## [DATA FOR ANALYSIS]
::::::::
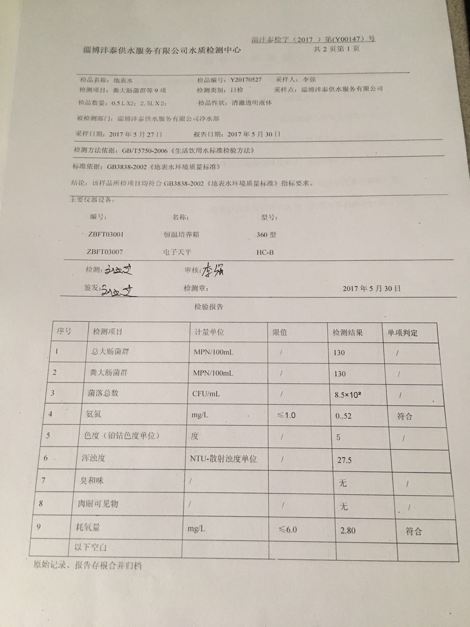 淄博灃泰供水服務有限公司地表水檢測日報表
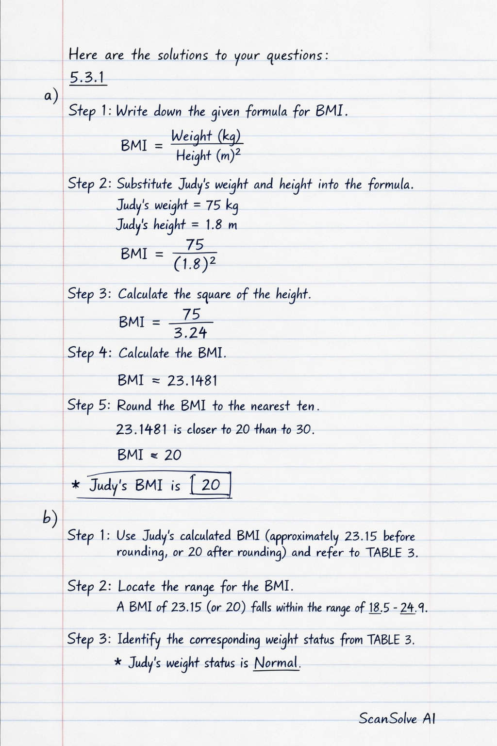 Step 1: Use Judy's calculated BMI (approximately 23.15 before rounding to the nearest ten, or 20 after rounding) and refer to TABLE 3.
::::::::
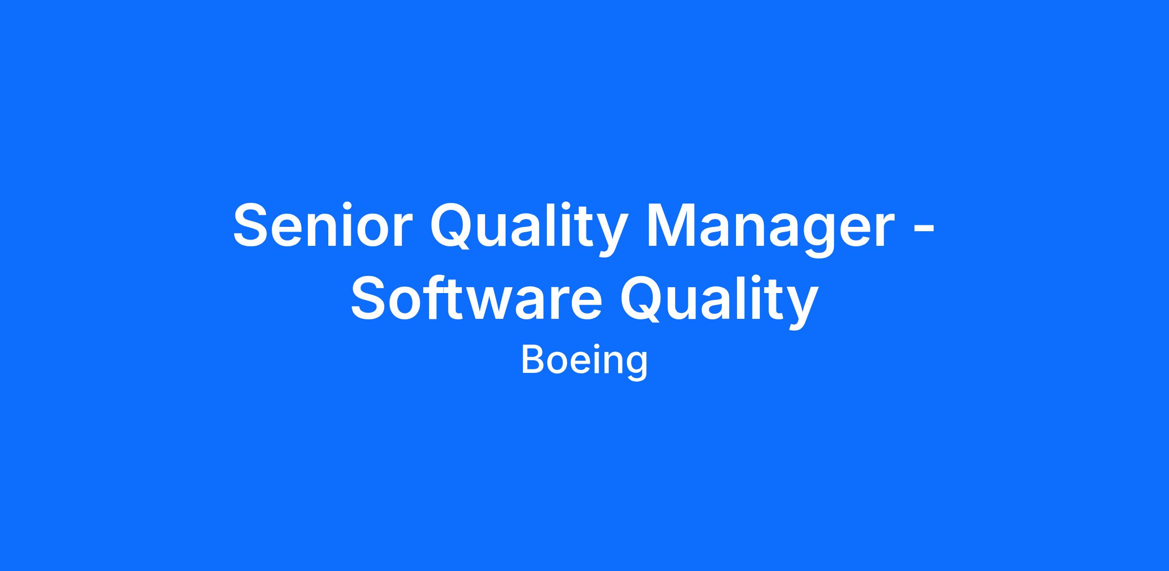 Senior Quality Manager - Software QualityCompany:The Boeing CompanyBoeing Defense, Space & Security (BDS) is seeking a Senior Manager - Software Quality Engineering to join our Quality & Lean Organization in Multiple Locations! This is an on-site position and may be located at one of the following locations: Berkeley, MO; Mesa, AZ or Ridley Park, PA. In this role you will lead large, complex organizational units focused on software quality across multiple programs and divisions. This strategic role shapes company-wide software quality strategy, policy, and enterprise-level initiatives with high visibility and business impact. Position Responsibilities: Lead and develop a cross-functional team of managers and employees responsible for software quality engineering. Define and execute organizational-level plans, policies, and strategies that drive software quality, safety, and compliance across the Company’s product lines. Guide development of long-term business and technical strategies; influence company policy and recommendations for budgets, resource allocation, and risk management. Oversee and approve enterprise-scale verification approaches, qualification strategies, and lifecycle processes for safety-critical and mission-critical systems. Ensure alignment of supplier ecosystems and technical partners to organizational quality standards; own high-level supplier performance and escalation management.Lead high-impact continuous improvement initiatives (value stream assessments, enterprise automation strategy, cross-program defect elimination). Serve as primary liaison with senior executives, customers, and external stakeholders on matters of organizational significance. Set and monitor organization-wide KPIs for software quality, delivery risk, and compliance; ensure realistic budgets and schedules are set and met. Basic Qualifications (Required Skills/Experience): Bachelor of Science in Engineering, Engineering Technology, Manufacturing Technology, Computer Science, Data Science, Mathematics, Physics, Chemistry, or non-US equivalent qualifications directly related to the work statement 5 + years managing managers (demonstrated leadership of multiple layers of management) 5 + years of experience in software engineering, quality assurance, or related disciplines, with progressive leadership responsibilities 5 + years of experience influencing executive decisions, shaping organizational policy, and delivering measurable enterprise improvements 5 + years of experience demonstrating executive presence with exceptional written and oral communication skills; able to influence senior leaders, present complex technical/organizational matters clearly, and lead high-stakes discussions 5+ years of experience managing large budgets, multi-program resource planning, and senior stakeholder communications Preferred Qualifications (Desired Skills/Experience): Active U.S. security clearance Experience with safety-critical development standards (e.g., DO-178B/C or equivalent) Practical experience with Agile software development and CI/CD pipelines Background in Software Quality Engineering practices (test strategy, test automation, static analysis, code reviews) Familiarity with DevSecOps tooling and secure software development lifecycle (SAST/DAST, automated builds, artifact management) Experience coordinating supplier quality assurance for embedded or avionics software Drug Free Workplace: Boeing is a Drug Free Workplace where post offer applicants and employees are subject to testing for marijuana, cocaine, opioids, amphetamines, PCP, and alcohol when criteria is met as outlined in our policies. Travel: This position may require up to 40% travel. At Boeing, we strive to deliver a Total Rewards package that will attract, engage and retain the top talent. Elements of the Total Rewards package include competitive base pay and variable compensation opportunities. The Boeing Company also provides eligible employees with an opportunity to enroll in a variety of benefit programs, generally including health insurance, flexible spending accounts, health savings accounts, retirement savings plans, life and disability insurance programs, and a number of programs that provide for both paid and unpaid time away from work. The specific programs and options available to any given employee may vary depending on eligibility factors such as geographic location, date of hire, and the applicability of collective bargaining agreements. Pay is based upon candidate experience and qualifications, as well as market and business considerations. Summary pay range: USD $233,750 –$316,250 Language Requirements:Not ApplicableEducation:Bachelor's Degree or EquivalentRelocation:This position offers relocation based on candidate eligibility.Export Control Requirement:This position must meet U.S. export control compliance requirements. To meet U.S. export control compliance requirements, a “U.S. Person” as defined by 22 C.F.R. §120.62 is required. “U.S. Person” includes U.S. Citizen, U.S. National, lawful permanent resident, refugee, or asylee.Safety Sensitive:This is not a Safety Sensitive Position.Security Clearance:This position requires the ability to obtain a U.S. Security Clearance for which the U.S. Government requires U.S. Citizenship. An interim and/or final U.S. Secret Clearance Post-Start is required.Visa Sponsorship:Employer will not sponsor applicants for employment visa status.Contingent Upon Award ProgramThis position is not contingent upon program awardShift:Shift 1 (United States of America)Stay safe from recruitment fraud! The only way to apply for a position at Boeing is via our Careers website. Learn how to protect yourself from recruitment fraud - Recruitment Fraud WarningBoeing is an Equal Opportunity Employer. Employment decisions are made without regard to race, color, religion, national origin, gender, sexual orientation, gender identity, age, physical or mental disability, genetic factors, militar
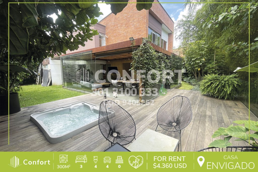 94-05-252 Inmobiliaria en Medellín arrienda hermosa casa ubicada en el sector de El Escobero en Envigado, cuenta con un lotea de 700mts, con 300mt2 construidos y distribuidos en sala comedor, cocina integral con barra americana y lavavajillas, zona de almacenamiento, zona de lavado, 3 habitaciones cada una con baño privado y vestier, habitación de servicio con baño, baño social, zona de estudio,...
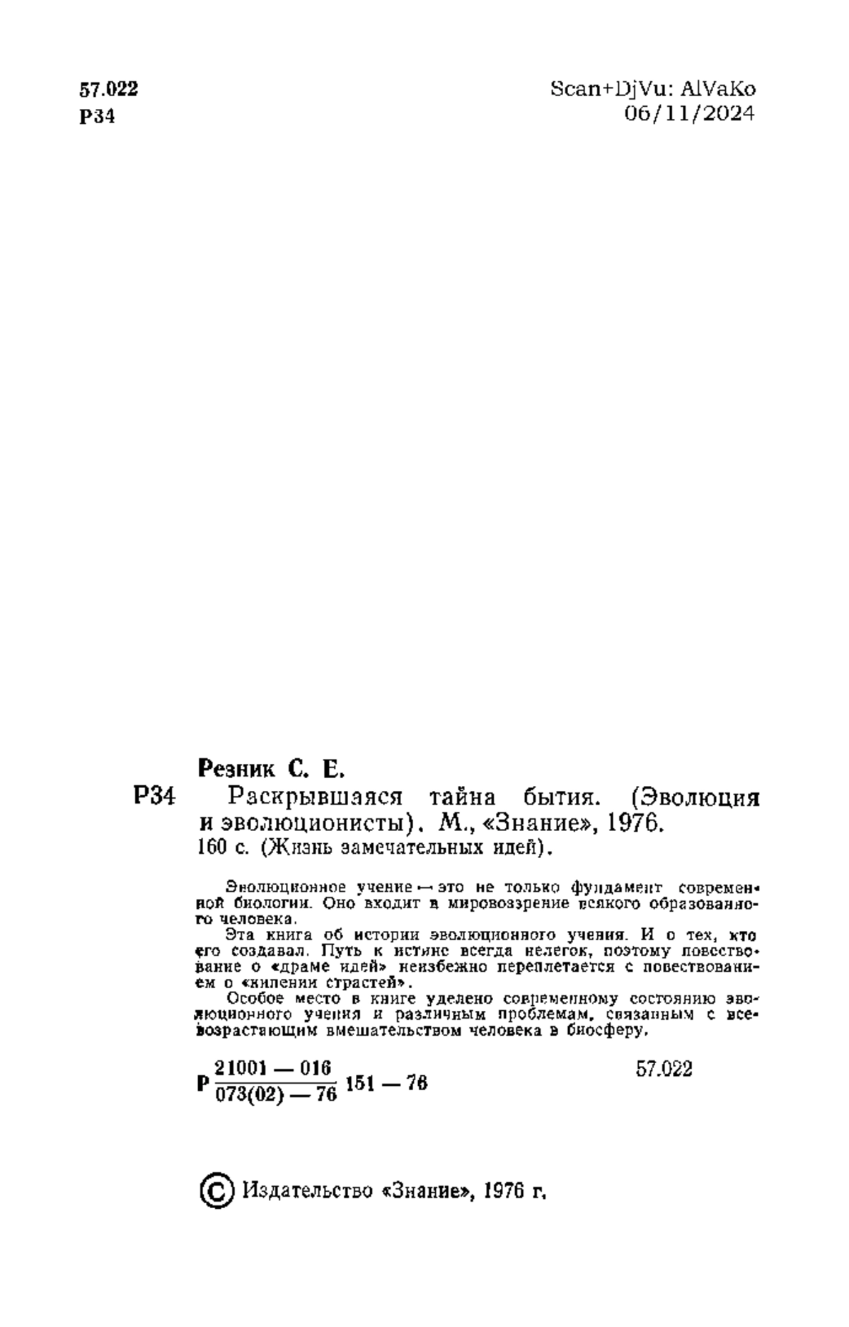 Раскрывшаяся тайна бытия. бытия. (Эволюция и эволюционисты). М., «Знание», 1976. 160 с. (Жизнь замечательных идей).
::::::::
## [WHAT TO DO]
What you need to produce is an exact copy of the entries above, limited to the lines from the one with "淄博灃泰供水服務有限公司地表水檢測日報表" up to and including the one with "Step 1: Use", without pictures.

## [EXERCISE SOLUTION]
 淄博灃泰供水服務有限公司地表水檢測日報表
 Step 1: Use Judy's calculated BMI (approximately 23.15 before rounding to the nearest ten, or 20 after rounding) and refer to TABLE 3.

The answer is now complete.